Seasonally adjusted data showed rising prices in 19 cities in April (versus 14
in March).
“On
a trailing 12-month basis, the National Composite is 0.2% below its April 2022
level, with the 10-and 20-City Composites also negative on a year-over-year
basis, but regional differences continue to be striking. Miami’s 5.2% gain made
it the best-performing city for the ninth consecutive month, but in April
Chicago toddled into second place with a 4.1% gain. Atlanta (+3.5%) and
Charlotte (+3.4%) round out the top four. The next three positions are occupied
by New York, Cleveland, and then perennial medalist Tampa, indicating a
remarkable diversity among the top performers. At the other end of the scale,
however, the worst eight performers are all in the Mountain or Pacific time
zones, with Seattle (-12.4%) and San Francisco (-11.1%) at the bottom.
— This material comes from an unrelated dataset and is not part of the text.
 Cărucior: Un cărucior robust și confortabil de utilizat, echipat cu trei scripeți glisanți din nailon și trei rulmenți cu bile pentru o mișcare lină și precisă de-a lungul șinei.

The
Southeast (+3.6%) continues as the country’s strongest region, while the West
(-6.9%) remains the weakest.
“If I were trying to make a case that the decline in home prices that began in June 2022 had definitively ended in January 2023, April’s data would bolster my argument. Whether we see further support for that view in coming months will depend on how well the market navigates the challenges posed by current mortgage rates and the continuing possibility of economic weakness.”
The foregoing comments represent the general economic views and analysis of Delphi Advisors, and are provided solely for the purpose of information, instruction and discourse. They do not constitute a solicitation or recommendation regarding any investment.